CRS systems in AIxCC have an advantage: standardized harnesses. For AI pentesting in the wild, a lot of tokens are used just to figure out context, before any actual payloads are even generated.

Verification and triage

If your system produces noise, humans have to clean it up, and that dominates cost. This is why “verifier” style components matter so much. Ethiack has made this a core part of our offering. The best AI pentesting systems are not the ones that find the most "issues". Scanners have been spamming low-signal alerts for decades, burning out security teams. The best AI pentesting systems are the ones that maximize confirmed, actionable findings per unit time.

Ongoing continuous operation

Continuous testing changes the economics (in a positive way):

You can reuse state, prior knowledge, and baselines
You can focus on diffs rather than retesting everything
You can amortize setup and asset mapping over time

But it can also add costs:

Continuous asset discovery and change detection
Unnecessarily re-investigating systems that have changed, even though it might not be in a meaningful way from a security perspective
More integrations to deal with (CI, ticketing, cloud APIs)
More opportunities for false alarms

This is why companies in this space often converge on a subscription model tied to asset counts, scope, or usage.

Bigger models alone do not magically solve autonomous pentesting

More capable models released over the last year have helped considerably, but they have not removed the hard parts. There are three core bottlenecks that show up repeatedly across research and products.

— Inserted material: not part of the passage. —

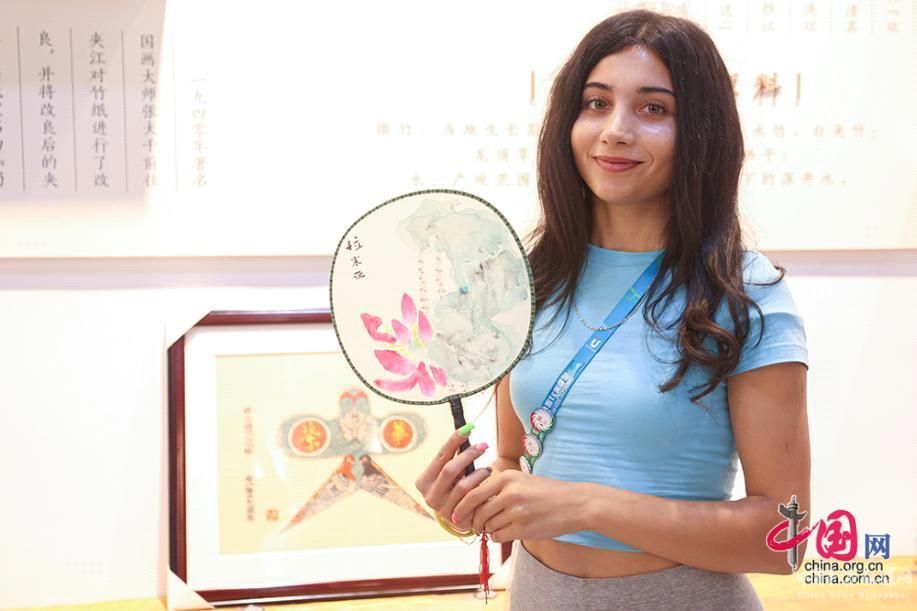 來自阿塞拜疆的運(yùn)動(dòng)員Lamiya Valiyeva與自己的國畫作品合影。中國網(wǎng)記者 倫曉璇 攝

Context is king, and the model does not have it

In one of his blogs, Daniel Miessler argued that attackers benefit first because defenders lack complete context and because offense can operate without perfect knowledge. This insight is more profound than most realise.

Autonomous pentesting systems also lack some context. Not as much as old-school pattern based scanners, but they still lack context. They do not necessarily know things like:

What is normal in your environment
Which assets are definitely owned and in scope
Which odd behavior is exploitable vs expected
Which credentials are legitimate and what they mean

You can partially solve this with connectors and environment ingestion, but that is not just a model scaling issue. It is also an integration and data quality issue.

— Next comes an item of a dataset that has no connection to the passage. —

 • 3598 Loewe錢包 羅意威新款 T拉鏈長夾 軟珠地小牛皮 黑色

Long horizon reliability is a killer

PentestGPT’s work explicitly highlights that LLMs can do well on sub tasks but struggle to maintain integrated understanding of the overall scenario, which is another way of saying long horizon coherence is hard.Humans do this remarkably well. Midway through a multi-day hacking binge, a hacker will often figure out how to chain multiple vulnerabilities when they're about to go to sleep, or in the shower. In real environments, long horizon tasks are everywhere:

Pivoting from a weak issue into meaningful impact
Chaining multiple conditions
Tracking assumptions and what is proven vs guessed
Handling failures and backtracking cleanly

Bigger models help here, but without good state management and external memory, you still get drift. This is one of the core difficulties with creating a fully autonomous AI pentester.

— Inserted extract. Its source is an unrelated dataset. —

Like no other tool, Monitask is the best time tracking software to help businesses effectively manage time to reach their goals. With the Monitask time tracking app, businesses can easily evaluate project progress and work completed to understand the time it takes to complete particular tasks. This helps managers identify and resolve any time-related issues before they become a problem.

Verification is harder than generation

Models are good at generating plausible explanations but they are not inherently good at proving that a finding is real. Providing actual proof with a PoC is very difficult to achieve but also very important. This is why systems that emphasize exploit validation and structured verification are winning in practice.

The missing components that matter most

If you want a checklist of what still needs to be invented or made robust, here are the biggest items.

Safe exploit primitives and proof standards

The industry needs clearer proof standards for AI driven findings:

What constitutes safe proof for SSRF, auth bypass, injection, deserialization, RCE
How to avoid causing harm while still proving impact
How to represent uncertainty and partial proof

This is why bug bounty platforms and AI security researchers spend so much time debating what is a vulnerability vs what is a technique or delivery mechanism, especially in AI systems. Figuring out some standard practices in these areas (and applying them to our tools) will also contribute to the amount of trust that people have in AI-powered autonomous systems.

Noise control and deduplication

False positives kill adoption. Any autonomous system must solve:

Deduplication across assets and time
Change detection so old issues do not keep resurfacing
Clear evidence and reproduction steps
Mapping to real remediation actions

This is not glamorous, but it is the bulk of production value. This is actually something we've mostly solved at Ethiack through the Verifier.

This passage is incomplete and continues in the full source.